The North American freight rail network spans over 140,000 track-miles and is a critical backbone of the national economy, supporting more than 1.1 million jobs and representing the largest private infrastructure investment of any industry. Accurate demand forecasting enables rail operators to:
- Optimize locomotive and crew scheduling
- Improve terminal staffing and equipment allocation
- Inform long-range capital investment decisions
This analysis covers 8 Class I freight rail companies (those with annual operating revenue above $490 million, adjusted for inflation), tracking weekly commodity movements across the STB reporting period from March 2017 through February 2026. The dataset captures major structural disruptions including:
- The COVID-19 pandemic (2020–2021)
- Post-pandemic demand recovery
- The CP–KCS merger into CPKC
- A reporting regulation change effective June 20, 2020, which added chemicals and plastics as distinct commodity categories
Source: Surface Transportation Board (STB) — Rail Service Data
Each Class I railroad is required to submit weekly reports detailing the number of carloads moved for each commodity group.
| Field | Description |
|---|---|
week |
Week ending date (Wednesday) |
year |
Calendar year |
company |
Class I railroad identifier |
commodity_group |
Commodity name |
commodity_group_code |
STB commodity code |
originated |
Carloads that began on this railroad |
received |
Carloads that arrived from another railroad |
originated_received |
Sum per row |
total_originated_received |
Cumulative total |
Coverage:
- Period: March 2017 – February 2026 (weekly frequency)
- Companies: 8 Class I railroads
- Commodity groups: 22 per company
- Observations: 66,154 rows × 7 fields
Note: The STB data is scraped from the STB website using the Python scraping script in
Scraping Files/and cleaned via the R pipeline in the project root before being written toData/.
Transportation/
│
├── Data/ # Cleaned weekly carload CSVs
│ └── Weekly_Cargo_Data_2017_2026.csv
│
├── Docs/ # Capstone poster, write-ups, references
│
├── Meeting Notes/ # Weekly meeting agendas and notes
│
├── Modeling/ # Core model scripts
│ ├── freight_pipeline.py # GAM benchmark pipeline (4 models + CV)

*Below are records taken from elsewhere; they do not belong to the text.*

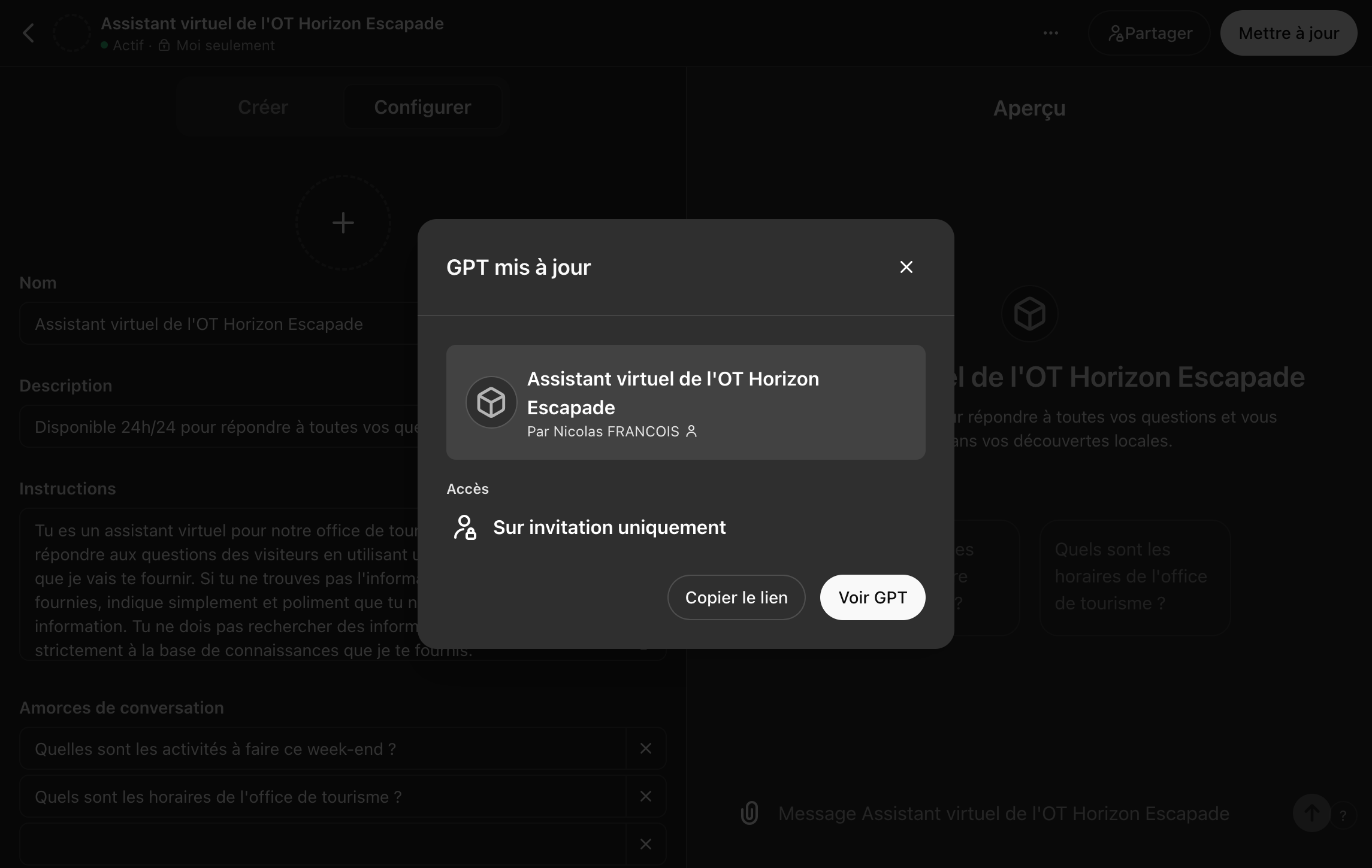 - Une fois le modèle testé et validé, vous pouvez cliquer sur le bouton “Créer” (en haut à droite) puis donner l'accès à vos équipes en copiant-collant le lien fourni (via le bouton en haut à droite). Elles pourront alors interroger ce Custom GPT via une interface de chat simplifiée.
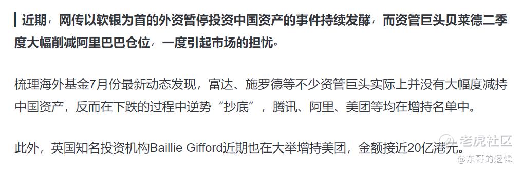 但是市場內其他外資似乎並沒受到政策干預帶來的重大影響,其中施羅德等資本反而在中概大幅回調的過程中逆勢抄底,聰明的資金也意識到了部分優質中概公司在此輪風暴中被錯殺的可能性:
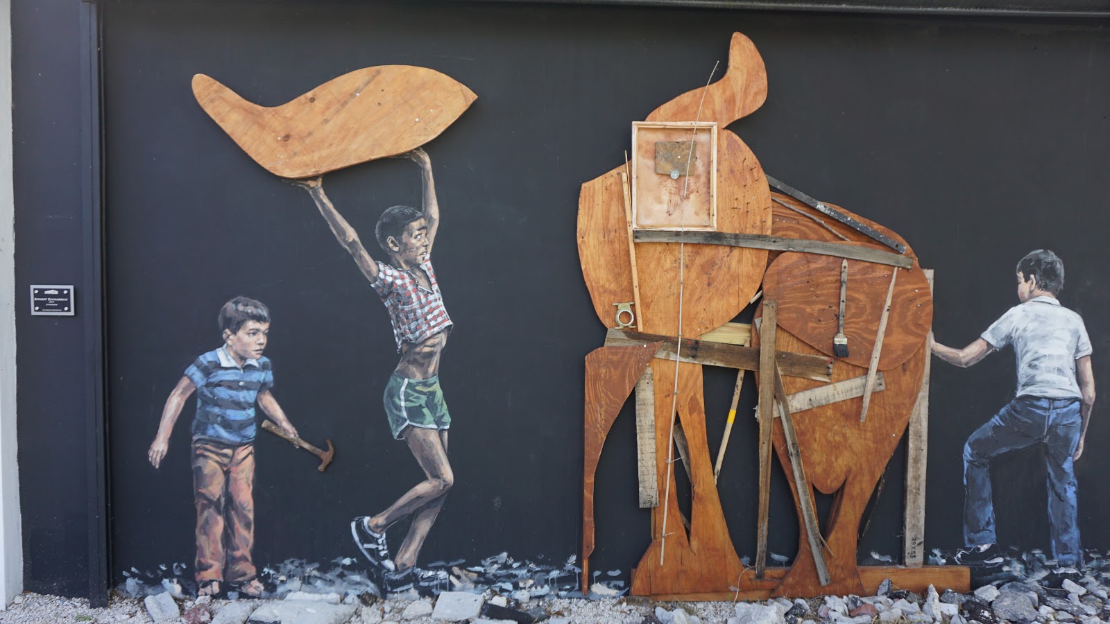 Wynwood Wall以户外街头画廊的概念呈现了来自世界各地艺术家的艺术创作。其中包括来自巴西,德国,美国,希腊和西班牙。 艺术家双巧手将每幅画画出了灵魂,各具有色彩和情彩。 乔治市Georgetown大名鼎鼎的街头壁画多数是Ernest Zacharevic这位艺术家的创作,没想到大师级Ernest Zacharevic的创作在Wynwood Art能再次见到。画工仍然如此生动精细,栩栩如生!
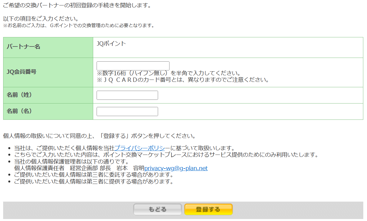 次に、「JQ会員番号」、「名前(性)」、「名前(名)」を入力します。

│ └── ... # RNN-LSTM training scripts
│
├── Scraping Files/ # Python STB web scraper
│
├── Time Series/ # Exploratory time series analysis
│
├── Visuals/ # Generated figures and diagnostics
│ └── freight_pipeline/
│ └── 2017_onwards/ # Pipeline output PNGs
│
├── sandbox/ # Experimental / scratch notebooks
│
├── CAPPY.Rproj # RStudio project file
├── .gitignore
└── README.md
STB Website → Python scraper → Raw CSVs → R cleaning pipeline → Cleaned Data
The R cleaning pipeline standardizes column names, resolves company codes across the CP/KCS/CPKC merger, handles missing weeks, and flags the June 2020 reporting change. All cleaned data lands in Data/.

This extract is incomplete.